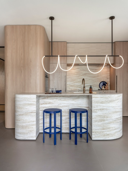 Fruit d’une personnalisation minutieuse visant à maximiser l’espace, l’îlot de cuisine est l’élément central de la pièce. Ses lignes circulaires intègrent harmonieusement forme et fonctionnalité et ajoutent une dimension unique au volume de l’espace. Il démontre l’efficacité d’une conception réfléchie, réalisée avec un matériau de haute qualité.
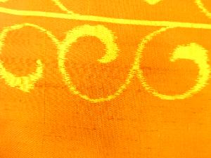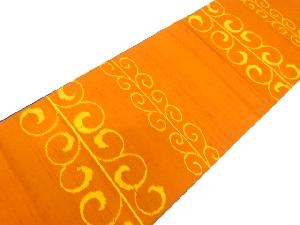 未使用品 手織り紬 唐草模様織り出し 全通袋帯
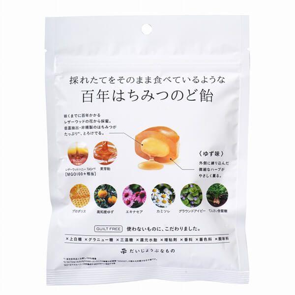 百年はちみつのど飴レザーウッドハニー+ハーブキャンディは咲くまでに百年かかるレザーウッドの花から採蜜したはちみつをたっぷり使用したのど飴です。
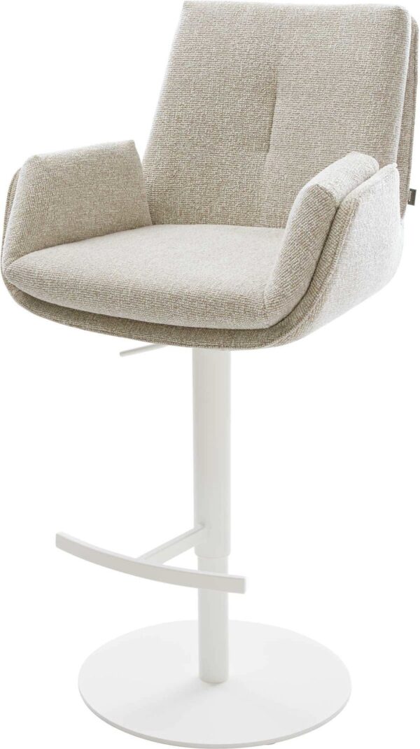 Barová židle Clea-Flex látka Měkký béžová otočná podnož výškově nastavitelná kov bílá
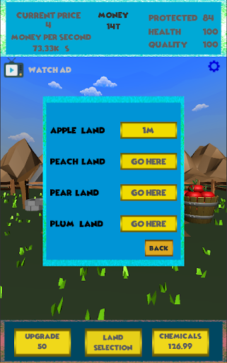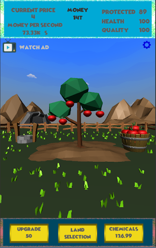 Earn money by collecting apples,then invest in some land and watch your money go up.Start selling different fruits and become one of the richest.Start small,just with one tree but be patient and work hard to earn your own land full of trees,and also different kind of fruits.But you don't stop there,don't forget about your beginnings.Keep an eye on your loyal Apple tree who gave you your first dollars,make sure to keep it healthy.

...

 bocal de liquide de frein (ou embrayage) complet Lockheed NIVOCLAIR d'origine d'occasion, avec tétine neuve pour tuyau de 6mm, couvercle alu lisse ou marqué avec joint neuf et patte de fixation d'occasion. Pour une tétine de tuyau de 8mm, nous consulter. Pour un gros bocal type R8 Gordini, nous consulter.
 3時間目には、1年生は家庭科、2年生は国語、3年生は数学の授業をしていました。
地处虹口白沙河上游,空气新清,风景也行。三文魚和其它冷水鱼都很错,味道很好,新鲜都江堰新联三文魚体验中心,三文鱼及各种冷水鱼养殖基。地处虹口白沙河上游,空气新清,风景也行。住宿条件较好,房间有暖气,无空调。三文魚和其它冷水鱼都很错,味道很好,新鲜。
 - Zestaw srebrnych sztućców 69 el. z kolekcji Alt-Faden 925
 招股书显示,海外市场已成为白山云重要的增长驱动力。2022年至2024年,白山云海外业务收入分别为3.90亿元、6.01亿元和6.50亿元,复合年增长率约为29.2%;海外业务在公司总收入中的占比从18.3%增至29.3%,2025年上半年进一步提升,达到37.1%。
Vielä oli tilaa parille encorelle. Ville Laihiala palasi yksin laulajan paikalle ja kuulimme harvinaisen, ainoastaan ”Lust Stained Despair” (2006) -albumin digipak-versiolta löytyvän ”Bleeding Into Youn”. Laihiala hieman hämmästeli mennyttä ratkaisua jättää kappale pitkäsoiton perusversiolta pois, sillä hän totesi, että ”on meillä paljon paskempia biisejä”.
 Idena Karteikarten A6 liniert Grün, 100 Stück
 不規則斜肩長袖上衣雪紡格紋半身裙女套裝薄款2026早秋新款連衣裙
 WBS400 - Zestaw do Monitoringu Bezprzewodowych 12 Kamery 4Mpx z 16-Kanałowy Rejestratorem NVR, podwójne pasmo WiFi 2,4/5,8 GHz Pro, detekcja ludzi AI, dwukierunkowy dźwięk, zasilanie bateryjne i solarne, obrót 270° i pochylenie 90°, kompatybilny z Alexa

==

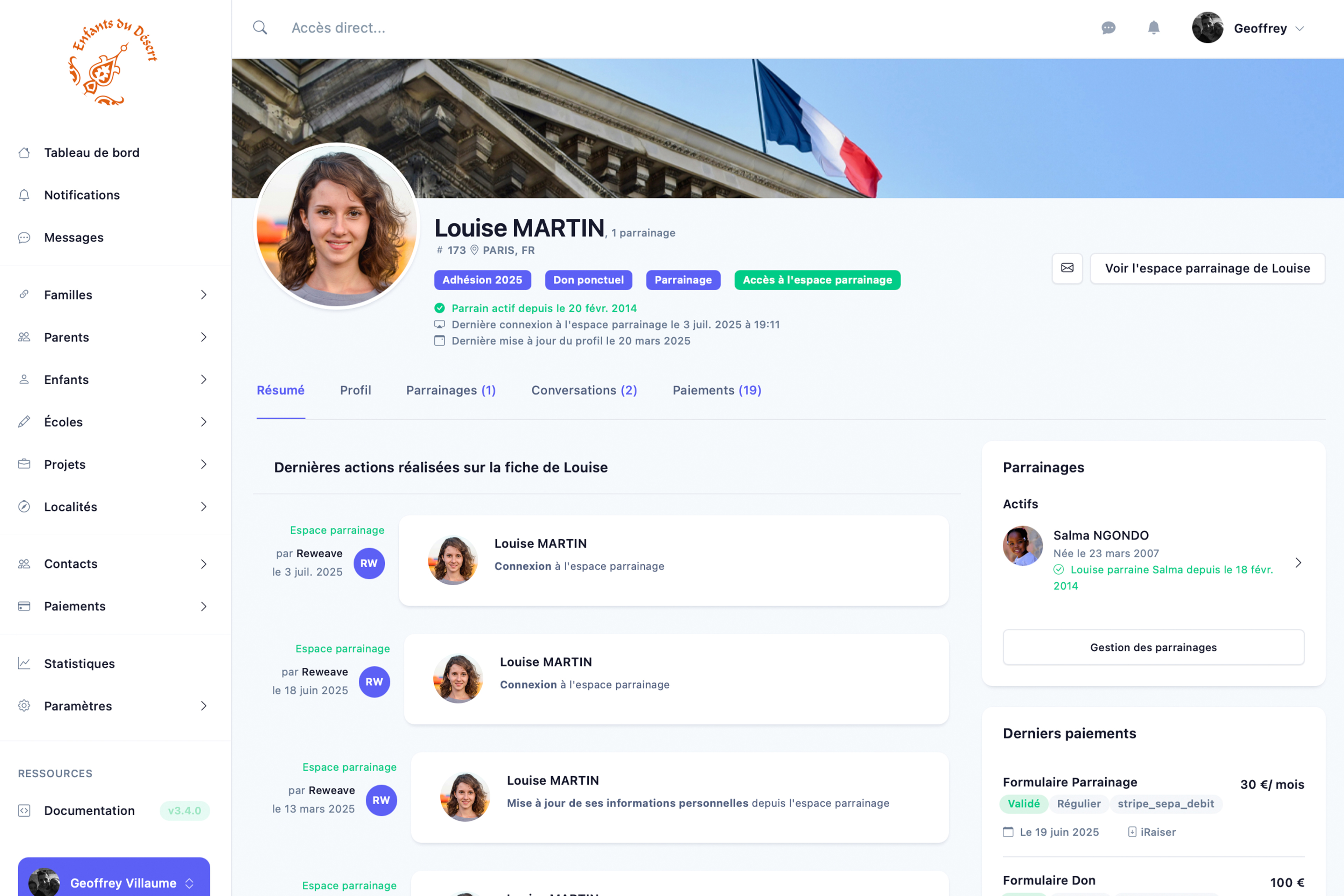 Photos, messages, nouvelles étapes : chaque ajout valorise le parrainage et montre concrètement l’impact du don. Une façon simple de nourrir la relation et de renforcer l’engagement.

_Instructions to follow_:
The answer must be the lines above from the one containing "Fruit d’une personnalisation" through the one containing "Barová židle Clea-Flex", reproduced exactly, with no pictures and nothing else.

_Written response_:
 Fruit d’une personnalisation minutieuse visant à maximiser l’espace, l’îlot de cuisine est l’élément central de la pièce. Ses lignes circulaires intègrent harmonieusement forme et fonctionnalité et ajoutent une dimension unique au volume de l’espace. Il démontre l’efficacité d’une conception réfléchie, réalisée avec un matériau de haute qualité.
 未使用品 手織り紬 唐草模様織り出し 全通袋帯
 百年はちみつのど飴レザーウッドハニー+ハーブキャンディは咲くまでに百年かかるレザーウッドの花から採蜜したはちみつをたっぷり使用したのど飴です。
 Barová židle Clea-Flex látka Měkký béžová otočná podnož výškově nastavitelná kov bílá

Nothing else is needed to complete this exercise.